“……”
“不过新知府要是愿意出头,韦家多少会给点面子。毕竟是正四品的朝廷命官,总比咱们这些草民说话有分量。”一个穿粗布短褐的老头捻着胡须,斟酌着说道。
旁边的人纷纷点头,“说得对,说不定能赔些银钱。要是能赔个三五十两,这妇人的日子也能好过些。”
一个年轻人涨红了脸,“难道人就白死了不成!”
众人沉默下来。
先前说话的老头叹了口气,“咱们平头百姓,命贱。

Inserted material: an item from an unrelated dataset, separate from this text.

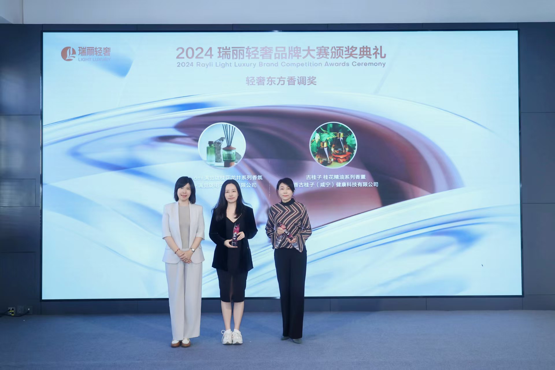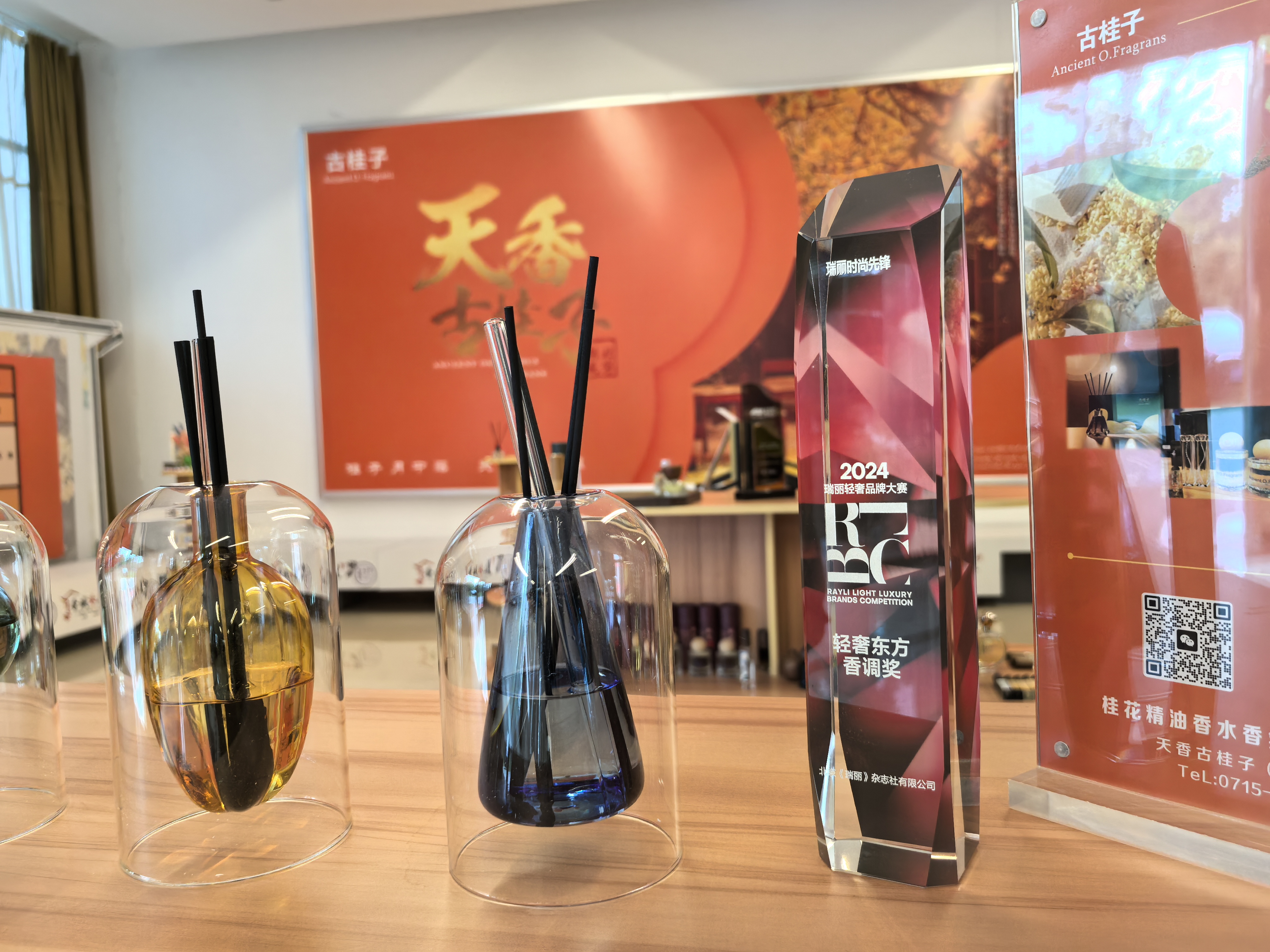 细数企业至今获得的各项荣誉:桂花精油无火香薰获得2024年度瑞丽轻奢品牌大赛“轻奢东方香调奖”,桂花精油礼遇香片获“咸宁游礼”奖项,桂花精油无火香薰入围行业权威的“金桂奖”……这些奖项无不见证了“古桂子”这一地方品牌的高质量蜕变。
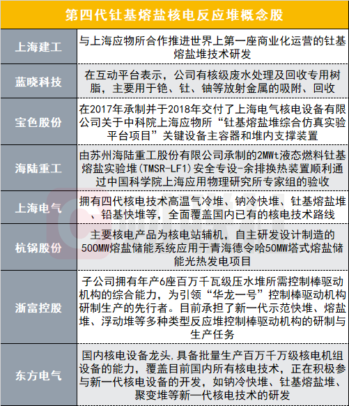 第四代釷基熔鹽核電反應堆概念股如下:

死了能换点银子,都是天大的幸运了。你还想怎样?”
年轻人瞪着眼睛想说点什么,嘴唇翕动了好几下,最后只是重重吐了口气,把脸扭到一边。
老妇人对周围的议论充耳不闻。
她抱着丈夫的头,跪在青石板上,脸上的血痕干了,结成一道黑紫色的痂。
有人从布庄里端了一碗水出来,蹲在她面前,她也没接。有人轻轻拍了拍她的肩膀,说,“老嫂子你哭出来吧”,她也没反应,只是跪在那里,一下一下地捋着丈夫被风吹乱的白发。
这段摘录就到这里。